To do: Below are the entries; give again exactly the lines from the one mentioning "2 Seater 24V" through the one mentioning "Effortlessly capture hearts", inclusive.

Information shown:
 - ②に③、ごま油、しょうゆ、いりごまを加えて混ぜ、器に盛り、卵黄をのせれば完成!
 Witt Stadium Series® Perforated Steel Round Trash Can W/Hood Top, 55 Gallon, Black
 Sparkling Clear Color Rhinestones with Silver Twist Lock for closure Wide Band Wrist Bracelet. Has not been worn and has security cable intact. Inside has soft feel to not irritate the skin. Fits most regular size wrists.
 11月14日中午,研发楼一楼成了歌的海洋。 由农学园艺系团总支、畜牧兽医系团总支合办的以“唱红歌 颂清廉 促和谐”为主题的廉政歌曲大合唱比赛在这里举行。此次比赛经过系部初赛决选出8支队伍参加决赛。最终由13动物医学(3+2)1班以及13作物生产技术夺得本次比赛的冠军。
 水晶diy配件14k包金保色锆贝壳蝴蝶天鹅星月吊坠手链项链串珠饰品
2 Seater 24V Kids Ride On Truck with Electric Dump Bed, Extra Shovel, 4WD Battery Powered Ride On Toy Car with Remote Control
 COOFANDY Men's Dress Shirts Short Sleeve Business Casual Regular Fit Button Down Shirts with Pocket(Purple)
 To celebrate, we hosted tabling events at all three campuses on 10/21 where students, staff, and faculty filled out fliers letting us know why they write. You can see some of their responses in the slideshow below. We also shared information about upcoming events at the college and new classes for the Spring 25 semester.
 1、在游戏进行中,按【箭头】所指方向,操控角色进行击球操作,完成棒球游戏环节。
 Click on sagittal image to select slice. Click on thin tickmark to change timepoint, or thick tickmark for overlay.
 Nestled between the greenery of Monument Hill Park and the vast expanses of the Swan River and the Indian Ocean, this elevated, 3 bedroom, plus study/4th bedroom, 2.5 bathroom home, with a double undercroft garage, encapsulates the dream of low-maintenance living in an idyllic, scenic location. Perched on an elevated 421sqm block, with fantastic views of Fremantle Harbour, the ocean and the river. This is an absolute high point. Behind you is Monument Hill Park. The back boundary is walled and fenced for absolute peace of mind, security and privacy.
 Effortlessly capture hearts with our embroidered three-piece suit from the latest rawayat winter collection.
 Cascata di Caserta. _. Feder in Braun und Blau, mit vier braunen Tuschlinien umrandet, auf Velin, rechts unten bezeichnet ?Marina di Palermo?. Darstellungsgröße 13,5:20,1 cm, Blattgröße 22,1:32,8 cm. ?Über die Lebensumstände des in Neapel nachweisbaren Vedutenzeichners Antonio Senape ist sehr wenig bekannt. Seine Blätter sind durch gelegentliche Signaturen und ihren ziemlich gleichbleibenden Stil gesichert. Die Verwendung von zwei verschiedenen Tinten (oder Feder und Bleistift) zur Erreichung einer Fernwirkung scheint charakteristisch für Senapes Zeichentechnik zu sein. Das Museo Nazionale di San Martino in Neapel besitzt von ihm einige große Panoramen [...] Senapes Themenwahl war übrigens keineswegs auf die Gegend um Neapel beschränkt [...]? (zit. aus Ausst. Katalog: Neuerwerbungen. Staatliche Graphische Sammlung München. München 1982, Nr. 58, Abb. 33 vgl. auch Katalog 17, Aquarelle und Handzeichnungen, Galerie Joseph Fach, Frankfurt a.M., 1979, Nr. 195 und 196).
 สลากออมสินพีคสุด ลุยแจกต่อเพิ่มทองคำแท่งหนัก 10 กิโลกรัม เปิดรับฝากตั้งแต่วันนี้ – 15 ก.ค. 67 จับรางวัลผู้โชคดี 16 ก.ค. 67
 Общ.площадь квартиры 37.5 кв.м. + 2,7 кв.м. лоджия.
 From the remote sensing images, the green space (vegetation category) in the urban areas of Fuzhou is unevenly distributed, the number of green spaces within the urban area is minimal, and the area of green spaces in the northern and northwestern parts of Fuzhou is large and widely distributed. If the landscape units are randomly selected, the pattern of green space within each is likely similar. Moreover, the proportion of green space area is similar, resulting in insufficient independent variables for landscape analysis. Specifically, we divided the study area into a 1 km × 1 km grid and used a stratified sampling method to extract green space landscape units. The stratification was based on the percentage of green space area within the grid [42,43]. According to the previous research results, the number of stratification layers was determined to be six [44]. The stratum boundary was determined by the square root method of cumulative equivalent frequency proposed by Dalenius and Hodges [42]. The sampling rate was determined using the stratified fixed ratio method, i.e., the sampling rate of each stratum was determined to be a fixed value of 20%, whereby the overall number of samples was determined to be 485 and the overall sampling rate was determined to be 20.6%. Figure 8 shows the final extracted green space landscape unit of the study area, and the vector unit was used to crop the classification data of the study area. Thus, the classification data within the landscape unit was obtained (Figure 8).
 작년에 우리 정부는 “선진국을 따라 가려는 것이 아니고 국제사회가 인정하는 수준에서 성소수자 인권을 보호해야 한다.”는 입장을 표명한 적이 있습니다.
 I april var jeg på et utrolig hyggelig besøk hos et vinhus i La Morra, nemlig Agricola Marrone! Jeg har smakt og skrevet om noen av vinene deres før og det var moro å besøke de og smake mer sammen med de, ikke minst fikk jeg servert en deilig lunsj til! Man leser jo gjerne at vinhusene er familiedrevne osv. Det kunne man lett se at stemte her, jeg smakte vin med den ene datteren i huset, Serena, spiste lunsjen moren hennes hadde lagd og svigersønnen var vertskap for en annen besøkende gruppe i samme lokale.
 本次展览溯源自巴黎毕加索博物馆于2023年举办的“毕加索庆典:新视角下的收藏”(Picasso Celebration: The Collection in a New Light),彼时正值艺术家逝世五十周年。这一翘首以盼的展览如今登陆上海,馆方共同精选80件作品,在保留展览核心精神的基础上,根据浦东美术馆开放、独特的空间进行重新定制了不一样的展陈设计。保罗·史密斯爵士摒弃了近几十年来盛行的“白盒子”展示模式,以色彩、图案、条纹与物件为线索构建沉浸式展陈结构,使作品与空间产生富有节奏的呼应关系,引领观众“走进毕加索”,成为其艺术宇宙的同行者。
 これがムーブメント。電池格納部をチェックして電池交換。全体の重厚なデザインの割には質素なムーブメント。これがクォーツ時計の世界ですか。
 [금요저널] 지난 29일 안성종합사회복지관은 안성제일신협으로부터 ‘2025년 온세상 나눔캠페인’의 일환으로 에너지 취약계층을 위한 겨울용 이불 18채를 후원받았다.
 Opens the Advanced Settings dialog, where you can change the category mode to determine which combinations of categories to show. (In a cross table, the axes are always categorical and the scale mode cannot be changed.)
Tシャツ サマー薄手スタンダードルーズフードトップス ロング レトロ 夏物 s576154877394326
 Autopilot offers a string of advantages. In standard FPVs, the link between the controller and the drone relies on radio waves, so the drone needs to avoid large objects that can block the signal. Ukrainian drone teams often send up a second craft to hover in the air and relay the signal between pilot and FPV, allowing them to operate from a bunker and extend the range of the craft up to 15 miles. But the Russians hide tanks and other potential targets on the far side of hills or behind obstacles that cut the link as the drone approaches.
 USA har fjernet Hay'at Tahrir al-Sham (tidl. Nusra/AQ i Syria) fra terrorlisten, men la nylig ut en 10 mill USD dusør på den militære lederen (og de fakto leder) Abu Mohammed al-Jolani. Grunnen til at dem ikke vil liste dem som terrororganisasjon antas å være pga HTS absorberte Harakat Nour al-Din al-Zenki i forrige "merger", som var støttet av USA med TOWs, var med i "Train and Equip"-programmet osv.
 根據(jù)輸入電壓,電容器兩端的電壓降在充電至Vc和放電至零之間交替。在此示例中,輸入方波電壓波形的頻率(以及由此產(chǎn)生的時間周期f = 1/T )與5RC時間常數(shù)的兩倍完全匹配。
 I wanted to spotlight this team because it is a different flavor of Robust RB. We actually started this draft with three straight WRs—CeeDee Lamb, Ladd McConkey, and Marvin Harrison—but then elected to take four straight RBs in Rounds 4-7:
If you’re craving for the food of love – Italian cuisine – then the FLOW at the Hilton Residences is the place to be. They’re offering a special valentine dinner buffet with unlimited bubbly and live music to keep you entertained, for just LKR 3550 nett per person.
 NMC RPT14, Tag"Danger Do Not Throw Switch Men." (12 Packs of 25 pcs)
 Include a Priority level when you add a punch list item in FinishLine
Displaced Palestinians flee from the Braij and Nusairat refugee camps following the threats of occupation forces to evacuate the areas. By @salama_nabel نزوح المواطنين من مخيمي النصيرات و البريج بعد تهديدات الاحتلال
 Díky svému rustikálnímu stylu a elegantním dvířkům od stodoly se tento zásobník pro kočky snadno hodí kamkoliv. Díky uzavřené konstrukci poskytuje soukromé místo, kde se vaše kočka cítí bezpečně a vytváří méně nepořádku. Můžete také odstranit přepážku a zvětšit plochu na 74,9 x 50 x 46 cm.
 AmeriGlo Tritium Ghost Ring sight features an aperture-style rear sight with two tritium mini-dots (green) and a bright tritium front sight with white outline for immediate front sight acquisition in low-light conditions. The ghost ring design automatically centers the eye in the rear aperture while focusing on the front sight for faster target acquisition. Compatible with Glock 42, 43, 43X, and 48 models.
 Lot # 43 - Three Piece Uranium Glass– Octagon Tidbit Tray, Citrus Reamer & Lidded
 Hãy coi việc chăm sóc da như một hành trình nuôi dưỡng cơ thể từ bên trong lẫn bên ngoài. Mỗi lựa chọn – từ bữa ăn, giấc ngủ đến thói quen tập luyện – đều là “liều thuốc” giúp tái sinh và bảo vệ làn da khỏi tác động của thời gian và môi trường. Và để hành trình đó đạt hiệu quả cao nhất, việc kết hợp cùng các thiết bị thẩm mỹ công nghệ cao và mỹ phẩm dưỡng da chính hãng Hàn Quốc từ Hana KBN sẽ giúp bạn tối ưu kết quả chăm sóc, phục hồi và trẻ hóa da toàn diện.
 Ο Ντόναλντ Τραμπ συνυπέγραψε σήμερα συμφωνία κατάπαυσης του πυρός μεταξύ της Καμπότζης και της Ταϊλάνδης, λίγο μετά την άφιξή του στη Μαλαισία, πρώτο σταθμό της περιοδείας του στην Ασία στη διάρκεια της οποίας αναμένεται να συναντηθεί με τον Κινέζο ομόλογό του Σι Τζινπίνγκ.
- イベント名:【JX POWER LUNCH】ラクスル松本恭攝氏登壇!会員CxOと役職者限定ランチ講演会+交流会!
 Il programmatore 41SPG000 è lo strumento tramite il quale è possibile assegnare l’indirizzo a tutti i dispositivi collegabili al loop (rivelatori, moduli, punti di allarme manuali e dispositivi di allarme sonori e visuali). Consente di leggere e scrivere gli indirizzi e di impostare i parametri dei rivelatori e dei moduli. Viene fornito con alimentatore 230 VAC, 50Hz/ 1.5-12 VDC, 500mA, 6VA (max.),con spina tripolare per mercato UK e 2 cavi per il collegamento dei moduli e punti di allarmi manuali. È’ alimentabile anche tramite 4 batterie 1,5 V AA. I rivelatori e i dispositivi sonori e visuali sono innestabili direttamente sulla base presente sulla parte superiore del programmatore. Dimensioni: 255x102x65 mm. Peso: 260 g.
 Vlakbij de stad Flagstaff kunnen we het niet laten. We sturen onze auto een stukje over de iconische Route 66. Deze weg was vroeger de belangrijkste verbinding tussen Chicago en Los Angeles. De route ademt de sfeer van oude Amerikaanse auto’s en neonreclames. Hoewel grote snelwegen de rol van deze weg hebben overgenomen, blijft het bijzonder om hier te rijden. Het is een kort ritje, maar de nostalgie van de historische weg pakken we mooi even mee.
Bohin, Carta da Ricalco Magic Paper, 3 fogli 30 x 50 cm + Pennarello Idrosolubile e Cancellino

Finished exercise:
2 Seater 24V Kids Ride On Truck with Electric Dump Bed, Extra Shovel, 4WD Battery Powered Ride On Toy Car with Remote Control
 COOFANDY Men's Dress Shirts Short Sleeve Business Casual Regular Fit Button Down Shirts with Pocket(Purple)
 To celebrate, we hosted tabling events at all three campuses on 10/21 where students, staff, and faculty filled out fliers letting us know why they write. You can see some of their responses in the slideshow below. We also shared information about upcoming events at the college and new classes for the Spring 25 semester.
 1、在游戏进行中,按【箭头】所指方向,操控角色进行击球操作,完成棒球游戏环节。
 Click on sagittal image to select slice. Click on thin tickmark to change timepoint, or thick tickmark for overlay.
 Nestled between the greenery of Monument Hill Park and the vast expanses of the Swan River and the Indian Ocean, this elevated, 3 bedroom, plus study/4th bedroom, 2.5 bathroom home, with a double undercroft garage, encapsulates the dream of low-maintenance living in an idyllic, scenic location. Perched on an elevated 421sqm block, with fantastic views of Fremantle Harbour, the ocean and the river. This is an absolute high point. Behind you is Monument Hill Park. The back boundary is walled and fenced for absolute peace of mind, security and privacy.
 Effortlessly capture hearts with our embroidered three-piece suit from the latest rawayat winter collection.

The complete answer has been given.